● To do
Give back exactly the lines of the data below, starting with the line that has "Если ты все" and going on through the line that has "- The door squeaked".

● Provided material

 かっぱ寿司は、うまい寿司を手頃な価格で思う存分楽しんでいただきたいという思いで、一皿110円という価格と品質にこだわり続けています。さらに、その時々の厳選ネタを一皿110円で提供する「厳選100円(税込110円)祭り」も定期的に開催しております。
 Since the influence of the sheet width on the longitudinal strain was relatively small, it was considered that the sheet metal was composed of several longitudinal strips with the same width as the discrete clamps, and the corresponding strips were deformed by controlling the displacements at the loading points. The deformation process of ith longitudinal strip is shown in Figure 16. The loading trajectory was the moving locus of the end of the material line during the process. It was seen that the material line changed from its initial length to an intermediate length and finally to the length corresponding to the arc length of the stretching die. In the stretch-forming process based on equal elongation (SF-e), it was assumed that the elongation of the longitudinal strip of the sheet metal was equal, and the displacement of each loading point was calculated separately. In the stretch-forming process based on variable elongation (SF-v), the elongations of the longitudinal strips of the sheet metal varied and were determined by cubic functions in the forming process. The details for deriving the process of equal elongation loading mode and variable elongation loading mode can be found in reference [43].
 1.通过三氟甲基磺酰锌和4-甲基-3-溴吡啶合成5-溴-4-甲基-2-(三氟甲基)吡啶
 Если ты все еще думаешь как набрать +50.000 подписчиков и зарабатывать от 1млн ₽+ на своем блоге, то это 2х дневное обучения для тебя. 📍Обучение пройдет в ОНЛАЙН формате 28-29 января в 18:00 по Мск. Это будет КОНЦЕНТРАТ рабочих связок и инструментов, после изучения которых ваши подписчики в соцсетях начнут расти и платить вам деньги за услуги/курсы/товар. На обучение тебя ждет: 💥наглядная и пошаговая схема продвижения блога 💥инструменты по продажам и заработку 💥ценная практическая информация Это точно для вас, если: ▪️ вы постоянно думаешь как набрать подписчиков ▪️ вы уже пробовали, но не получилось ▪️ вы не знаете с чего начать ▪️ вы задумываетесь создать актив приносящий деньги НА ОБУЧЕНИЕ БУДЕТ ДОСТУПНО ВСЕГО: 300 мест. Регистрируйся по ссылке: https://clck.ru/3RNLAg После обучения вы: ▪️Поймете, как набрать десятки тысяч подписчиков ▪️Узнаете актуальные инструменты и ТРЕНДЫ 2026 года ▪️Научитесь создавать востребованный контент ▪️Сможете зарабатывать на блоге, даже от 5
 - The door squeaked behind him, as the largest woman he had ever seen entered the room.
...
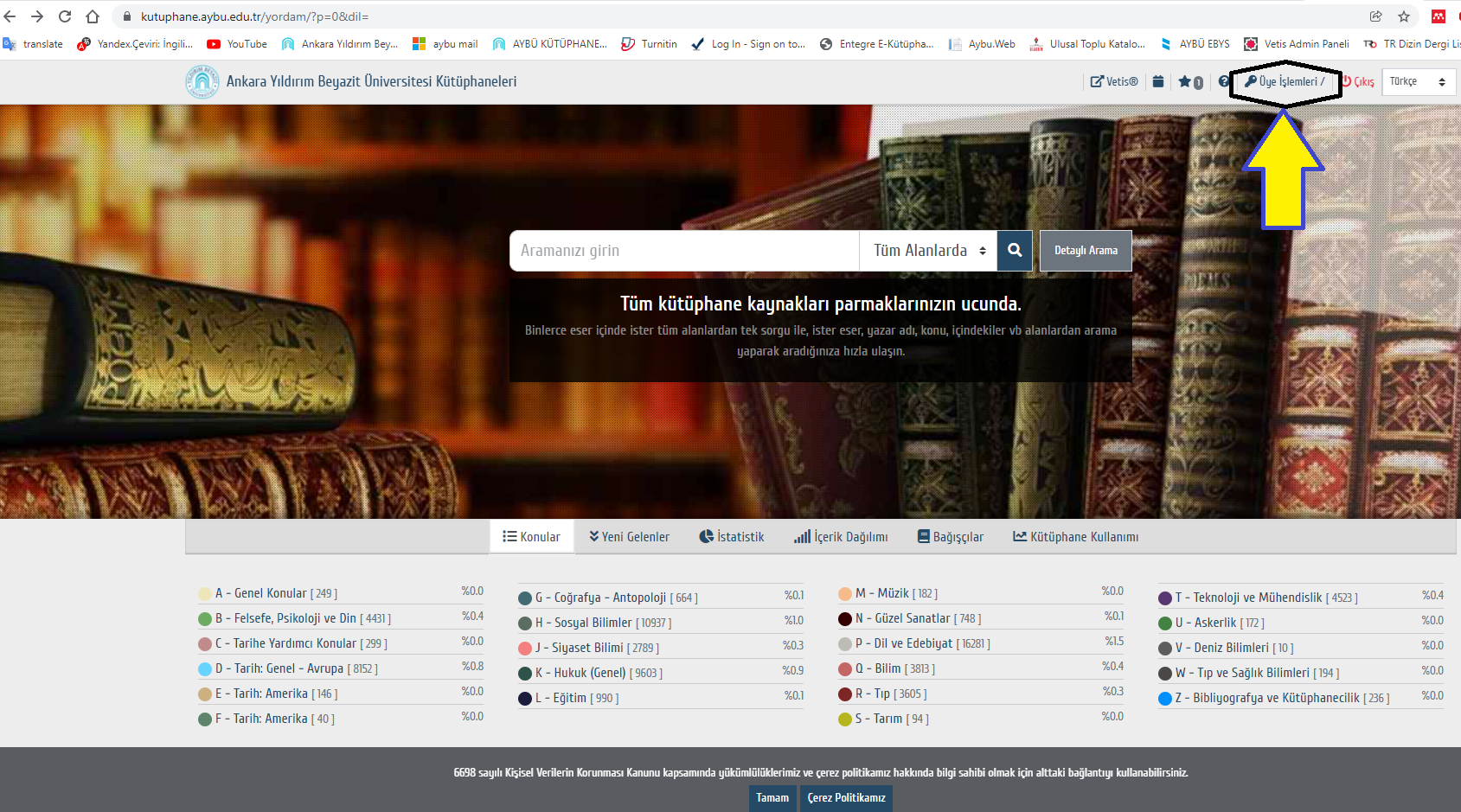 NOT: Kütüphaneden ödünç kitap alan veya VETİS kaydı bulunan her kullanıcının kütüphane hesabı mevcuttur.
---
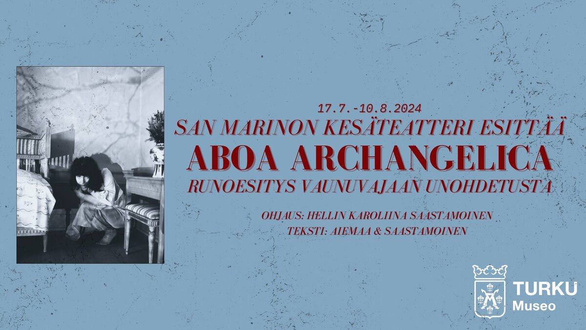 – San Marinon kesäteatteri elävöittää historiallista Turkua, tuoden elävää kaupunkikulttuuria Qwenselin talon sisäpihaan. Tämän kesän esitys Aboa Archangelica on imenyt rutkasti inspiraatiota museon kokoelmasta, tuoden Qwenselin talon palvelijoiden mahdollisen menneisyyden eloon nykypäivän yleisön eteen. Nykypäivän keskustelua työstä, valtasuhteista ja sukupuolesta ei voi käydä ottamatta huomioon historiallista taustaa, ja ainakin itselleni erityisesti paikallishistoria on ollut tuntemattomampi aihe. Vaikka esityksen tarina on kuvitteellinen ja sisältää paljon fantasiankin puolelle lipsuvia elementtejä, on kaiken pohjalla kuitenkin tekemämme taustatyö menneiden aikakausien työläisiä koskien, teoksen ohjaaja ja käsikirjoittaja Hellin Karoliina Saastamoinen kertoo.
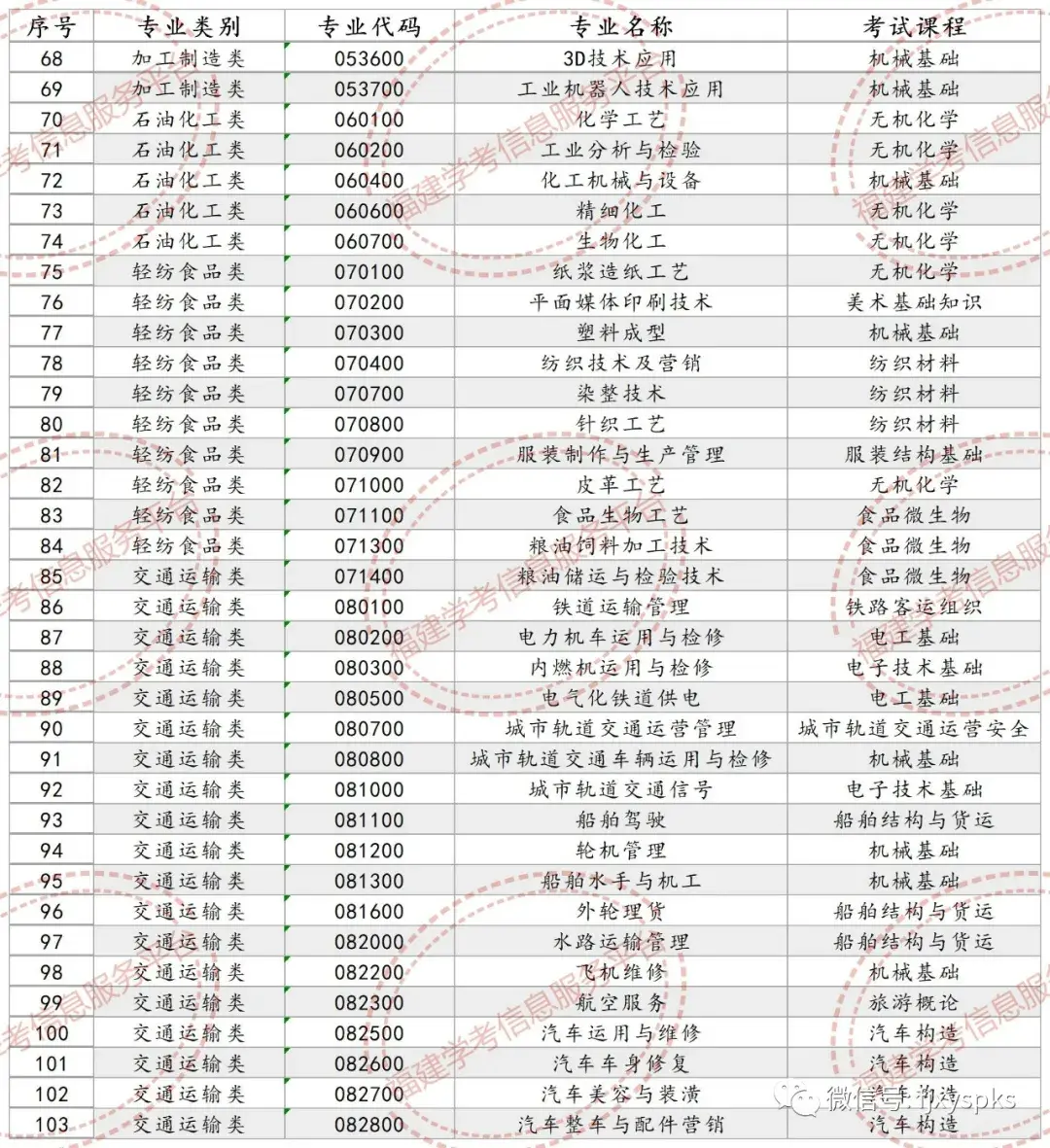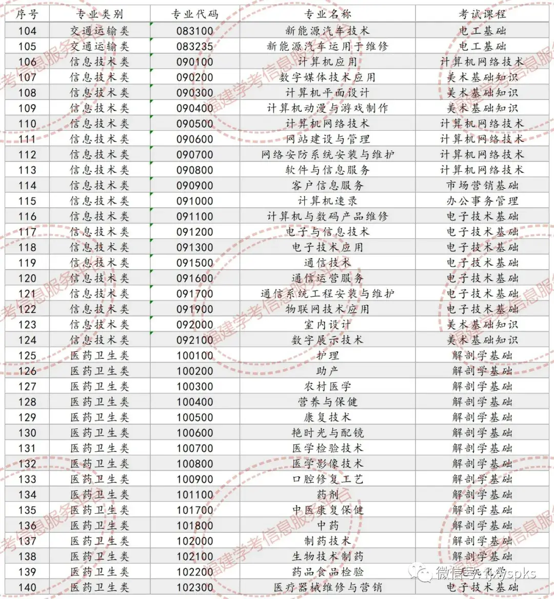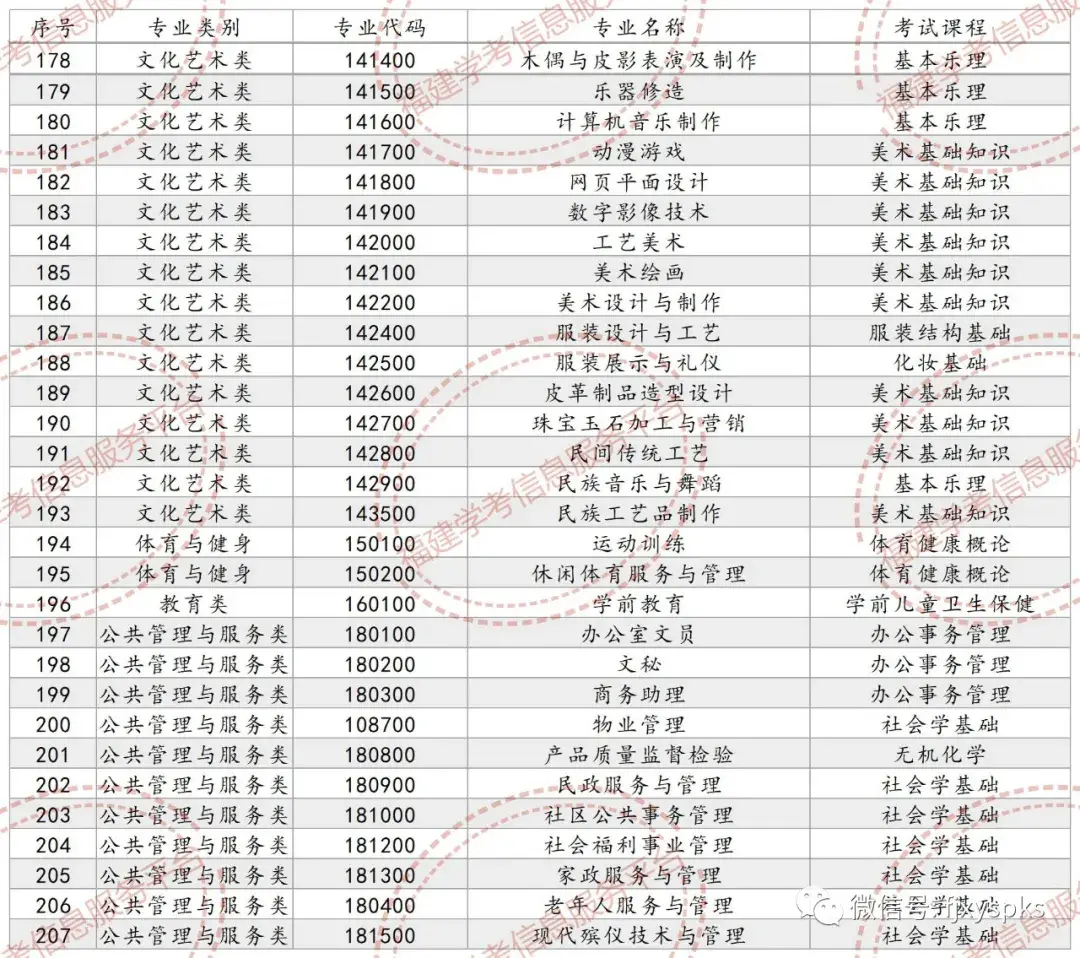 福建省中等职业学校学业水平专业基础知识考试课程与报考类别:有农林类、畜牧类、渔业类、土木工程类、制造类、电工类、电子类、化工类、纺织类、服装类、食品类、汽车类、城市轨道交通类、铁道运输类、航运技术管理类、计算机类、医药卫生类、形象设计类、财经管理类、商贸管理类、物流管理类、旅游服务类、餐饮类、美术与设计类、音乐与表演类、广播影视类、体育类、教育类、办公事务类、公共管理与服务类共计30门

● Response to this exercise
 Если ты все еще думаешь как набрать +50.000 подписчиков и зарабатывать от 1млн ₽+ на своем блоге, то это 2х дневное обучения для тебя. 📍Обучение пройдет в ОНЛАЙН формате 28-29 января в 18:00 по Мск. Это будет КОНЦЕНТРАТ рабочих связок и инструментов, после изучения которых ваши подписчики в соцсетях начнут расти и платить вам деньги за услуги/курсы/товар. На обучение тебя ждет: 💥наглядная и пошаговая схема продвижения блога 💥инструменты по продажам и заработку 💥ценная практическая информация Это точно для вас, если: ▪️ вы постоянно думаешь как набрать подписчиков ▪️ вы уже пробовали, но не получилось ▪️ вы не знаете с чего начать ▪️ вы задумываетесь создать актив приносящий деньги НА ОБУЧЕНИЕ БУДЕТ ДОСТУПНО ВСЕГО: 300 мест. Регистрируйся по ссылке: https://clck.ru/3RNLAg После обучения вы: ▪️Поймете, как набрать десятки тысяч подписчиков ▪️Узнаете актуальные инструменты и ТРЕНДЫ 2026 года ▪️Научитесь создавать востребованный контент ▪️Сможете зарабатывать на блоге, даже от 5
 - The door squeaked behind him, as the largest woman he had ever seen entered the room.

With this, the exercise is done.